*** Opening of Study material ***

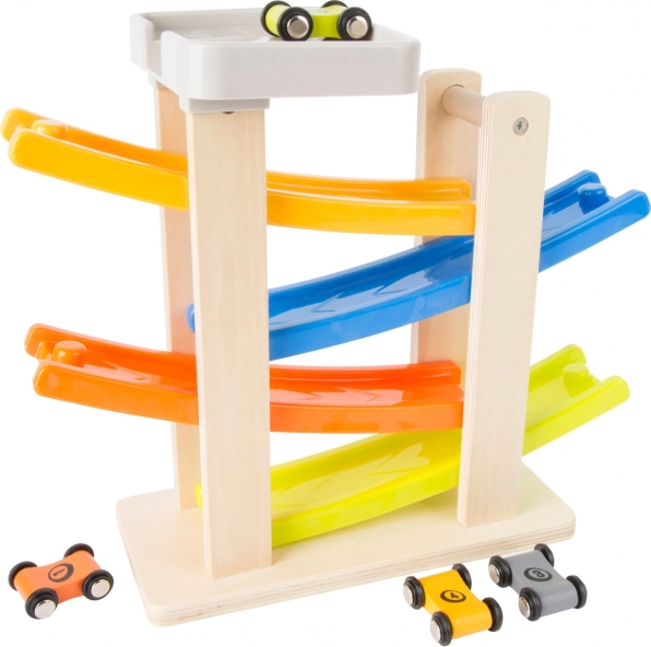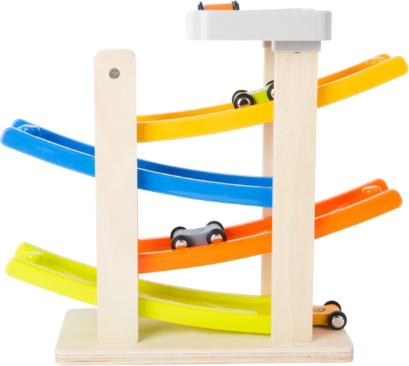 Deze fascinerende klip klap baan is gemaakt van een mix van hout en plastic, wat zorgt voor een lange levensduur en probleemloos gebruik. Met de vier kleurrijke hellingen kunnen kinderen kijken hoe de autootjes naar beneden racen met geweldige sprongen en draaien. Ideaal voor kinderen vanaf 18 maanden die graag spelen en hun motorische vaardigheden ontwikkelen.
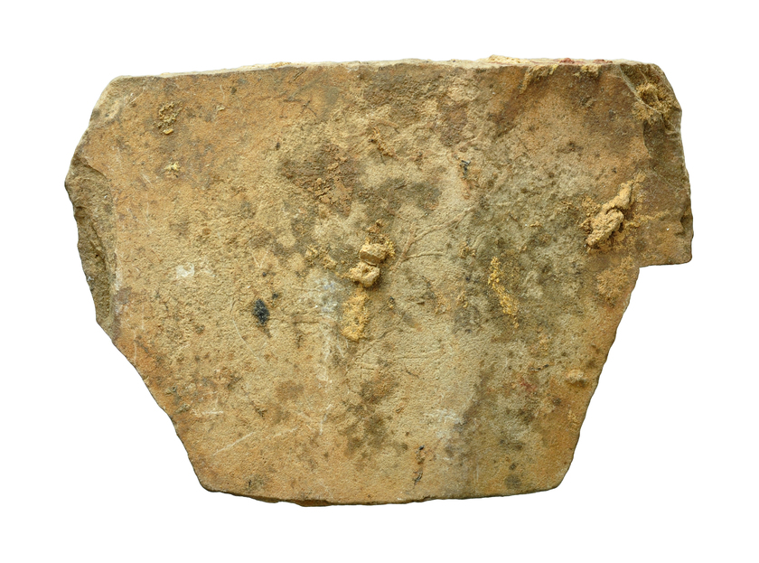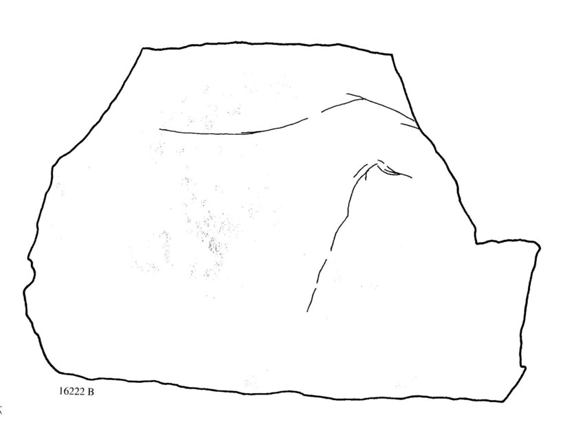 Cara B: superposición de prótomo de indeterminado (trazo simple) -en perfil absoluto- y superficie pintada (pintura roja perdida).
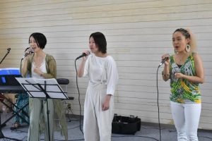「ニーリの旅プロジェクト」による「島ん巡りてぃ投げ銭ライブ」が22日、城辺福里のイベントスペースで開催された。ボーカル3人が個性あふれる歌声で集まった市民を魅了した。
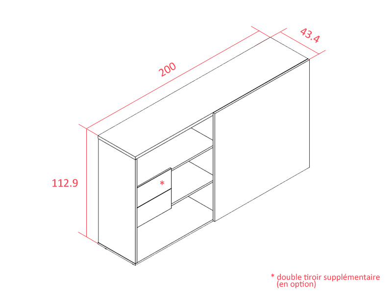 L'armoire mesure 2 mètres de longueur, 43,4 cm de profondeur et 112,9 cm de hauteur.
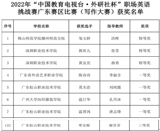 近日,由中国教育电视台指导,广东省职业技术教育学会主办,广东省外语艺术职业学院承办,外语教学与研究出版社、北京外研在线数字科技有限公司、北京外国语大学外研培训中心合办的2022年“中国教育电视台·外研社杯”职场英语挑战赛广东赛区比赛圆满落幕。外语商务学院选派的莫丕浩(指导教师:刘纯懿)、温晋鸿(指导教师:唐志锋)、邓安妮(指导教师:谢芬芬)等三位选手在写作大赛赛事中,与来自全省各个高职院校的近200名参赛选手同场竞技并脱颖而出,莫丕浩、温晋鸿两位同学斩获本次比赛“一等奖”,邓安妮同学荣获“三等奖”。
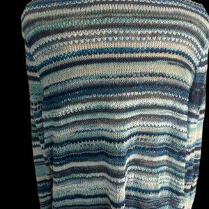 J. Jill Blue and White Striped Textured Open Cardigan. Size Large Great for a cool summer night.
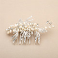 Description: Slide this breathtaking freshwater pearl bridal hair comb into any updo for a wedding look with romance and glitter. Mariell's hand-wired wedding comb boasts pave crystal leaves and pearl sprays for a graceful bridal headpiece
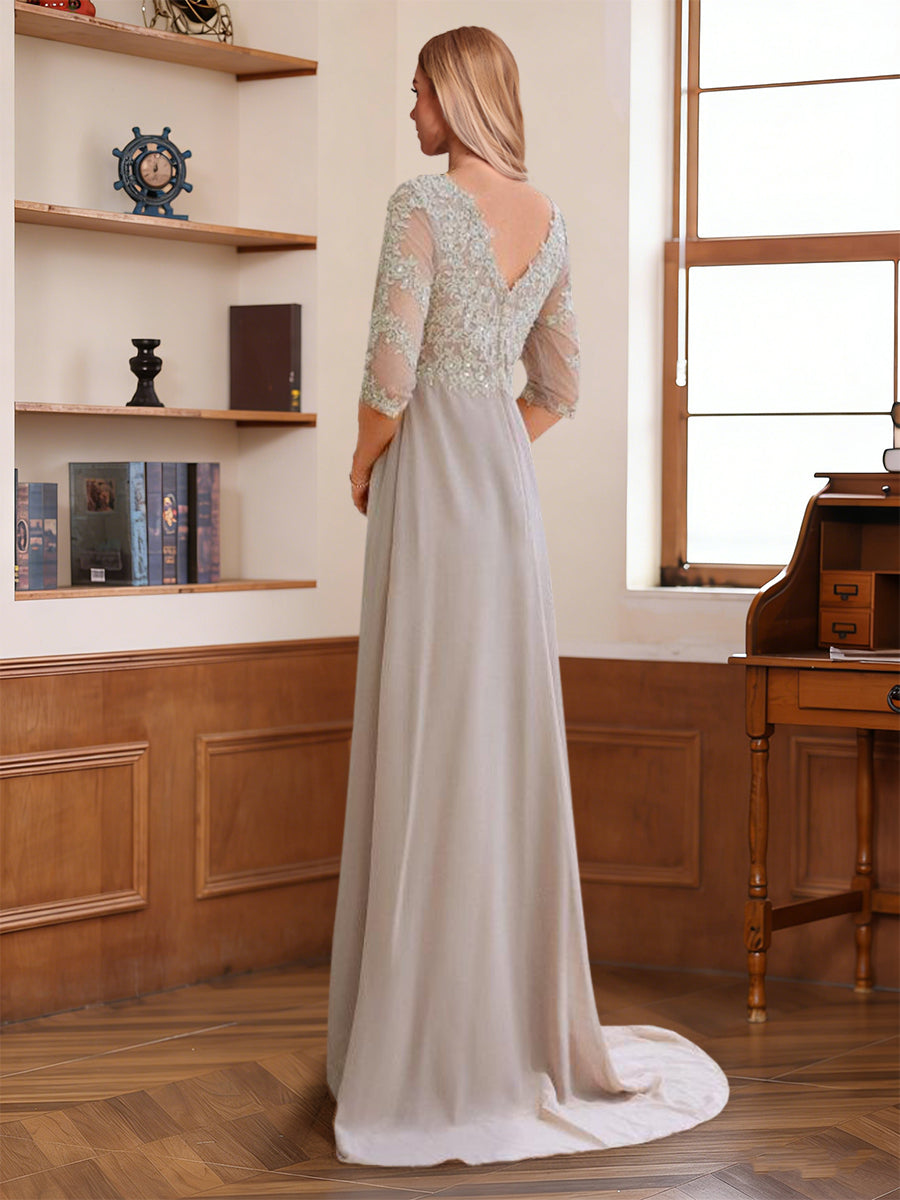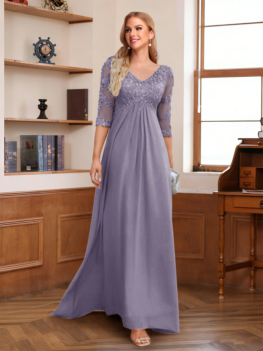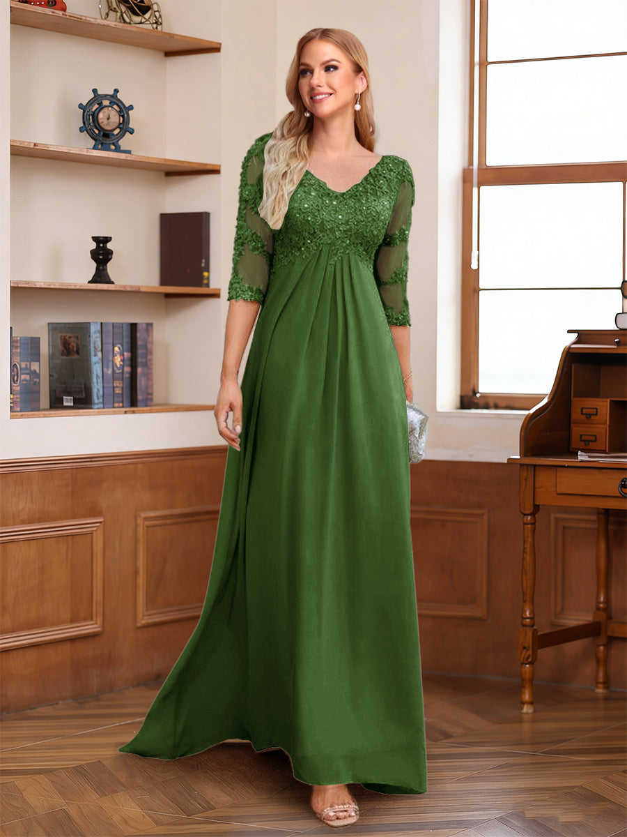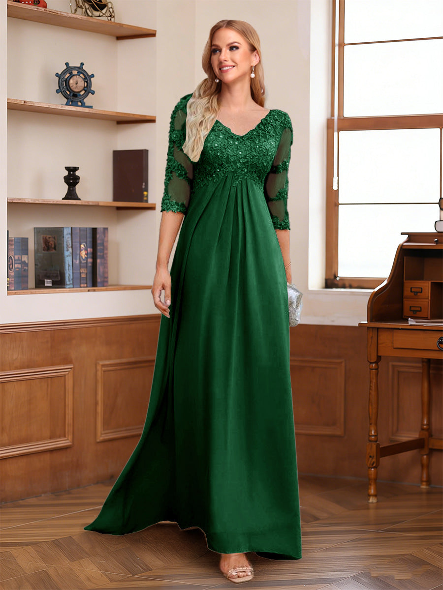 #Page 12011845 A-Line/Princess V-Neck Half Sleeves Floor-Length Mother of the Bride Dresses with Lace & Sequins
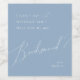 Einführung in unser atemberaubendes whimsical-Skript | staubige blaue Bridesmaid Weinkarte perfekt für Ihre einfache moderne boho Frühlingsfeier. Unser elegantes Design umfasst eine lebendige, helle, pastellfarbene Farbpalette mit einem Vintagen, schicken Kalligraphieskript. Ob Sie einen minimalistischen oder klassischen Stil bevorzugen, unser einzigartiges, bearbeitbares Produkt bietet Luxus und Eleganz, perfekt um eine stilvolle und romantische Touch zu schaffen, die Ihren besonderen Tag unvergesslich macht. Kontaktieren Sie uns mit Fragen über das Design, und lass uns helfen Ihnen, die Hochzeit Ihrer Träume.
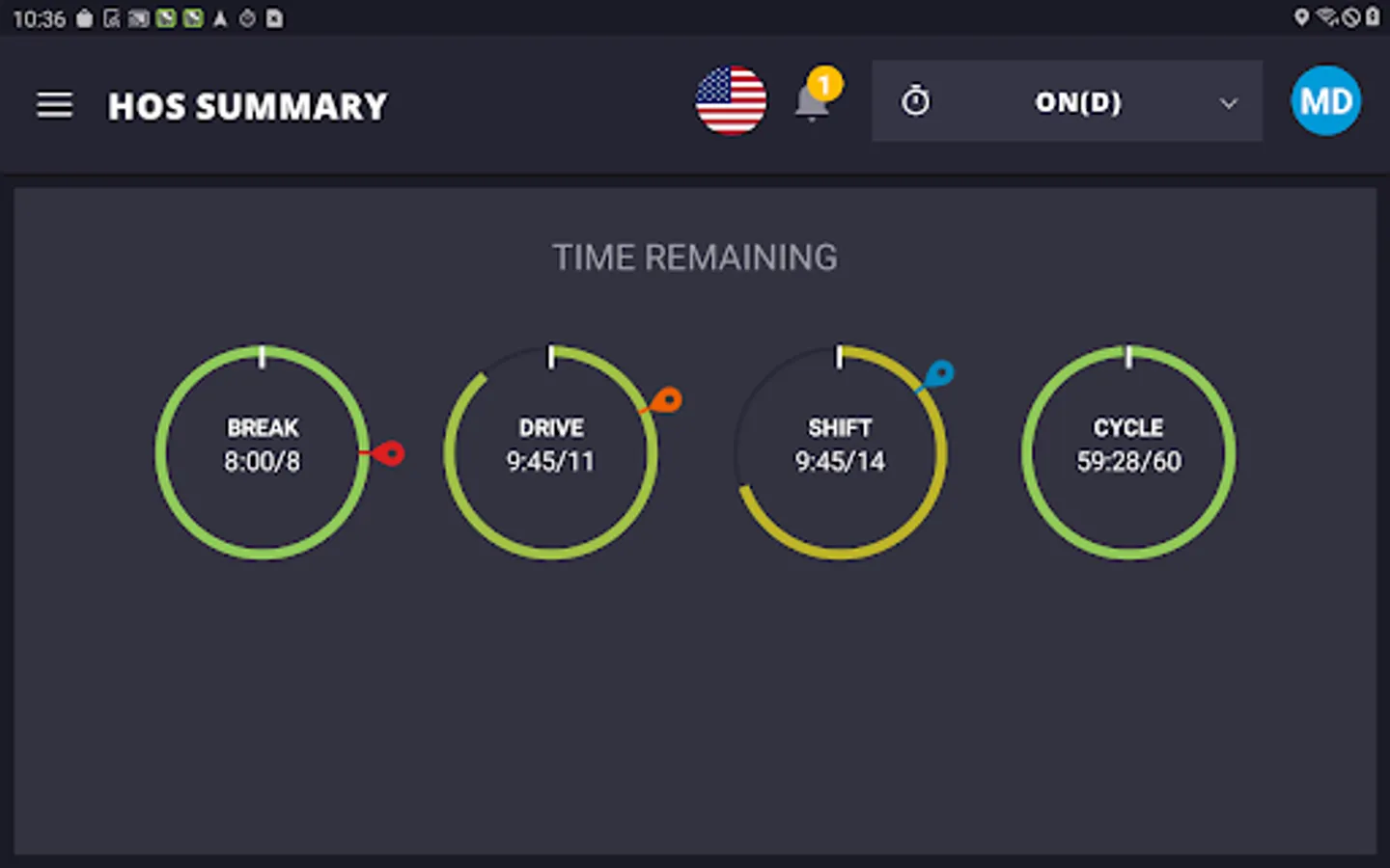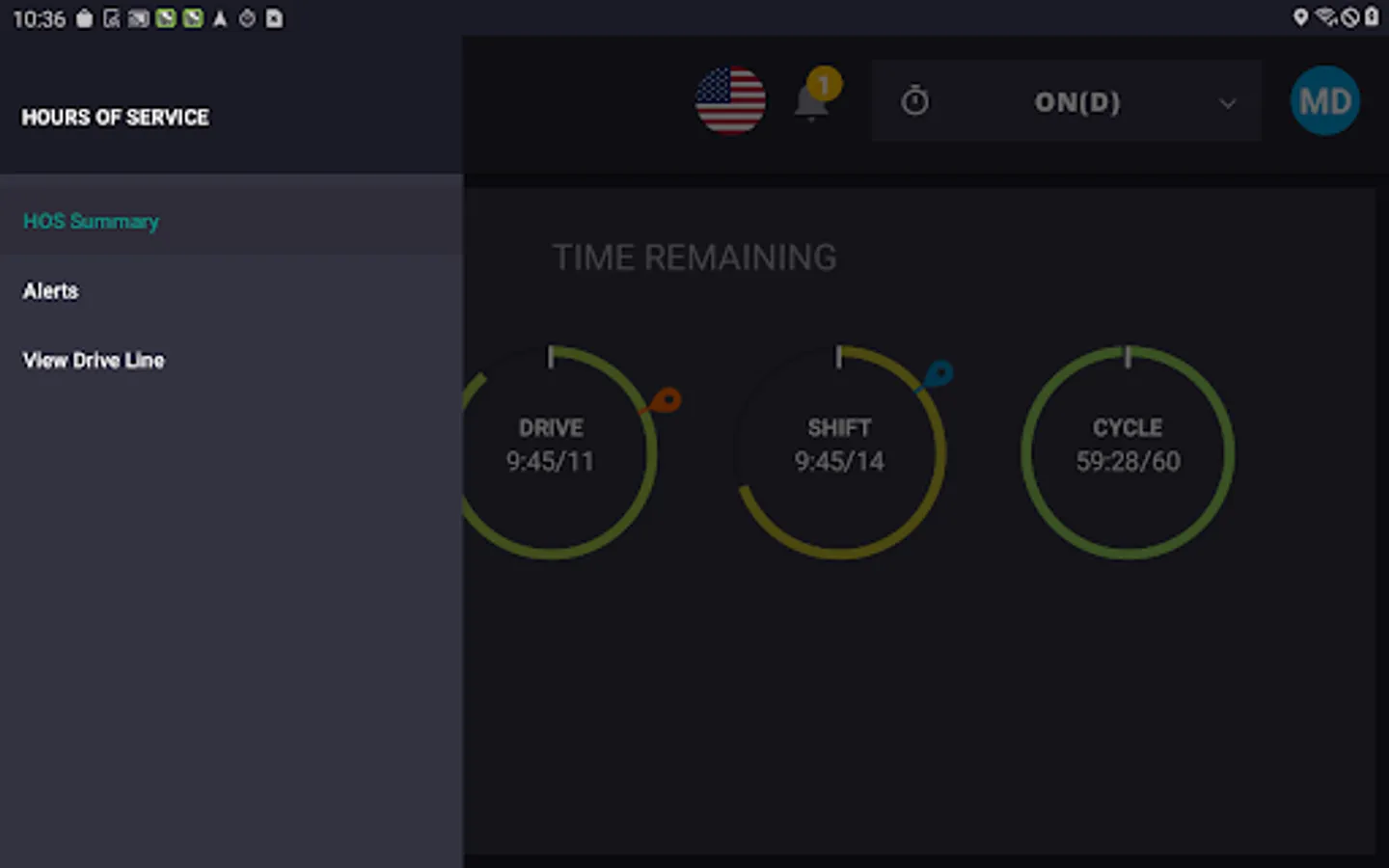 Trimble Driver HOS application provides drivers with additional tools that help them manage their Hours of Service (HOS). This includes reviewing available hours, managing alerts and creating notifications when a driver is nearing the end of their available drive time.

*** Close of Study material ***

■ Exercise objective ■
Leave out the pictures and restate, word for word, the lines from the top of the data through the line containing "近日,由中国教育电视台指导,广东省职业技", both included.

■ Solution for this exercise ■
 Deze fascinerende klip klap baan is gemaakt van een mix van hout en plastic, wat zorgt voor een lange levensduur en probleemloos gebruik. Met de vier kleurrijke hellingen kunnen kinderen kijken hoe de autootjes naar beneden racen met geweldige sprongen en draaien. Ideaal voor kinderen vanaf 18 maanden die graag spelen en hun motorische vaardigheden ontwikkelen.
 Cara B: superposición de prótomo de indeterminado (trazo simple) -en perfil absoluto- y superficie pintada (pintura roja perdida).
「ニーリの旅プロジェクト」による「島ん巡りてぃ投げ銭ライブ」が22日、城辺福里のイベントスペースで開催された。ボーカル3人が個性あふれる歌声で集まった市民を魅了した。
 L'armoire mesure 2 mètres de longueur, 43,4 cm de profondeur et 112,9 cm de hauteur.
 近日,由中国教育电视台指导,广东省职业技术教育学会主办,广东省外语艺术职业学院承办,外语教学与研究出版社、北京外研在线数字科技有限公司、北京外国语大学外研培训中心合办的2022年“中国教育电视台·外研社杯”职场英语挑战赛广东赛区比赛圆满落幕。外语商务学院选派的莫丕浩(指导教师:刘纯懿)、温晋鸿(指导教师:唐志锋)、邓安妮(指导教师:谢芬芬)等三位选手在写作大赛赛事中,与来自全省各个高职院校的近200名参赛选手同场竞技并脱颖而出,莫丕浩、温晋鸿两位同学斩获本次比赛“一等奖”,邓安妮同学荣获“三等奖”。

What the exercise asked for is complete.